誕生日八月六日の太陽が彼の白い肌を焼いた。
オーエンは草むらに転がった制帽を拾うことも、日陰に移動することもせず、只、地面に倒れた魔物の跡を眺めていた。草花が生い茂る中、そこだけ不自然に凹んでいる。なぎ倒された植物は座り込んだ彼を表情ない顔で見ていた。
彼は死んだ魔物に同情しているわけでも、折れた草花に謝意を感じているわけでもなかった。只、過去の光景と現在を重ね合わせ、選択した己の行動について考えていた。
その回想が10回を超えた頃、彼は他の魔法使いの気配を感じとった。
────さいあく、何で帰ってきたんだよ。
制帽を回収し、この場から立ち去ろうとする。しかし、口から出たのは、呪文ではなく血だった。無理もない。彼の腹は穴があき、両腕は肘から下が無くなっていた。傷口から血液が止めどなく溢れ、緑の上に赤い水溜まりができる。赤い水面は太陽を照り返し輝いていた。

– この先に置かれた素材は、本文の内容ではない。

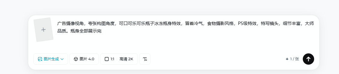 提示词优化为:广告摄像视角,夸张构图角度,可口可乐瓶子冰冻瓶身特效,冒着冷气,食物摄影风格,PS级特效,特写镜头,细节丰富,大师品质。
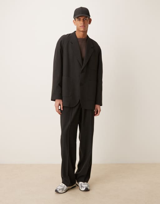 ASOS DESIGN – Czarne, szerokie spodnie garniturowe z gumką w talii, w drobną kratkę
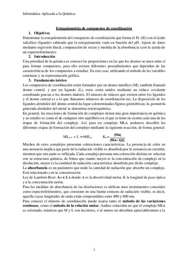 He publicado nuevos apuntes de 1º Informática Aplicada a la Química: INFORME-ESTEQUIOMETRIA-DE-COMPUESTOS-DE-COORDINACION-CLM.pdf
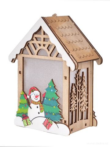 Kouzelný dřevěný domeček s motivem sněhuláka, zasněžených stromečků a dárků promění tvůj domov v zimní pohádku. Uvnitř se ukrývá LED světýlko s efektem mihotavého plamínku, které působí hřejivě a navodí příjemnou atmosféru.

間もないうちに「オーエン、いるんだろー」という大きな声が森に響いた。
オーエンはウンザリとした。死にかけた姿で話したくも会いたくもなかった。───いっそのこと死んでやろうか、と彼は考えた。だが、意識ない体を好き勝手され、我慢できるような魔法使いでは無かった。

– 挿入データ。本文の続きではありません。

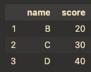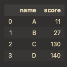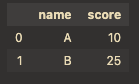 df[["name", "score"]] # 'name','score' column을 DataFrame으로 반환
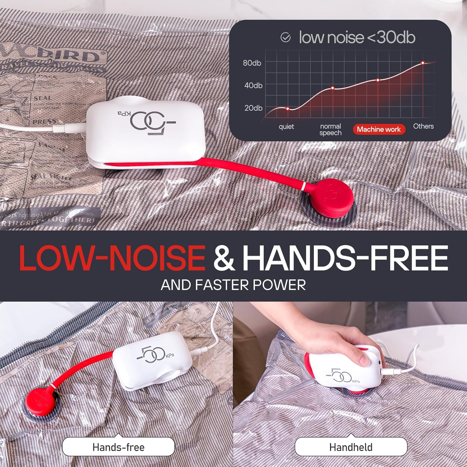 - Whisper-Quiet Operation: Motor-driven pump operates quietly, ideal for late-night packing or shared spaces
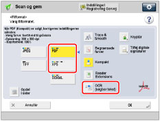 Vælger du PDF eller XPS som filformatet, kan du angive [Kompakt] og [OCR (Søgbar tekst)] samtidigt. I dette tilfælde vises [PDF (Kompakt)] eller [XPS (Kompakt)] som filformat på skærmbilledet Grundlæggende Scan og send-funktioner.
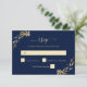 Elegant Navy Blue Gold Eucalyptus Foliage Wedding RSVP Karte
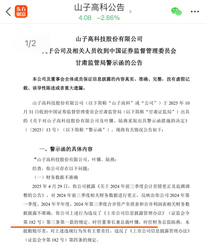 山子高科业绩披露违规,违反了:证监会令第182号第三条第一款的规定,接下来就是移

彼は目を閉じた。苦肉の策だが、1つ芝居を打つことにしたのだ。
「ッ……オーエン!!大丈夫か!!」
直後、大きな足音と声が、彼の鼓膜を突き抜けた。駆け寄った男、カインは血まみれの身体を抱きかかえた。
「……う……さい」
彼は早々に芝居を打ち切った。その必死な呼び掛けに、つい答えてしまったのだ。
「よかった!……生きてる!」
男が息を吐く。
太陽が男の髪を燃えるような色に。瞳を蜂蜜と光を溶かして混ぜたような色に見せる。
────そんなに慌てて馬鹿みたい、と彼はおもった。
とても眩しく。目を細めずにいられなかった。
「今すぐフィガロの所に……」
男がそう言うと、彼は鋭い目付きで睨んだ。
「……わかったよ。フィガロは絶対に嫌なんだな」
男は彼の意図を正しく読み取ると「口を開けてくれ」と魔法で生成したシュガーを差し出した。
「……」
彼は顔をそむけた。北の魔法使いである彼にとって、他者から援護を受けることは屈辱でしかなかった。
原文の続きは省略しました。